Apparently, however, officials above her pay grade recognized that allowing Iranian theocrats to set the limits of free speech in Canada’s capital would run an even higher risk. It was given to Minister of Heritage James Moore to deliver a Churchillian response."This movie will be shown, the agreement will be kept,” he said. “We will not be moving it to a different facility, we're not bending to any pressure. People need to be kept safe, but we don't back down to people who try to censor people by threats of violence. Canada does not accept attempts from the Iranian Embassy to dictate what films will and will not be shown in Canada.”

The Canadian screening of Iranium has now been rescheduled for early February. Will Iran’s rulers and supporters accept that decision? Or will they escalate the conflict? While we’re waiting for the answer, it’s worth recalling that the Islamic Republic has a long history of attempting to enforce its will extraterritorially. As early as 1989, the Ayatollah Ruhollah Khomeini, who had led Iran’s revolution ten years earlier, issued a fatwa, a religious ruling, against a British subject, Salman Rushdie, because Khomeini considered Rushie’s novel, The Satanic Verses, blasphemous. The fatwa called for Rushdie to be executed by any Muslim who could manage the task.

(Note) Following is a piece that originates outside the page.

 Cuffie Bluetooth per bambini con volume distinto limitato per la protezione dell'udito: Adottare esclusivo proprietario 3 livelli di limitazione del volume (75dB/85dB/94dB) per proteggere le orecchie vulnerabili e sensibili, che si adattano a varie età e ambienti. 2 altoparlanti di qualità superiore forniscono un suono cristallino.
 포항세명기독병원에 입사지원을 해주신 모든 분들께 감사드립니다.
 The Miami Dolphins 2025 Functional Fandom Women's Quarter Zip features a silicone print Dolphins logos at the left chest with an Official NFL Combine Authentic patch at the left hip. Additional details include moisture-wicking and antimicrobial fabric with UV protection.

That might have been expected: As Iranium makes clear, Khomeini’s revolution was not just against the Shah of Iran. It was intended for export – and not only to countries in which Muslims are in the majority.

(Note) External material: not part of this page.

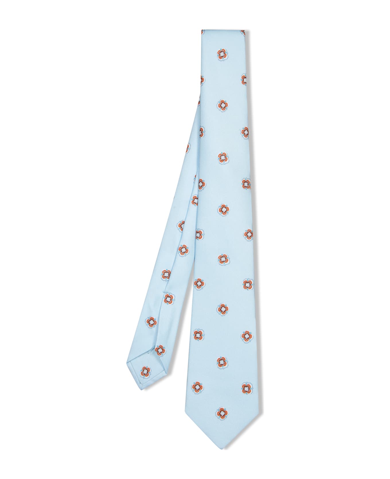 An exclusive Kiton silk tie in mint color with orange and white floral details, perfect for adding a touch of elegance and color to any formal outfit. Composition: 100% Silk

Khomeini’s ambitious goal then, and his successors’ goal now, is “world revolution,” the creation of a universal and “holy” government and the downfall of all others. "Islam is good for you,” Khomeini said. “It is good for the world." He said this even as – in Stalinist fashion -- he was executing at home and assassinating abroad not just those who opposed him but also those who might one day oppose him.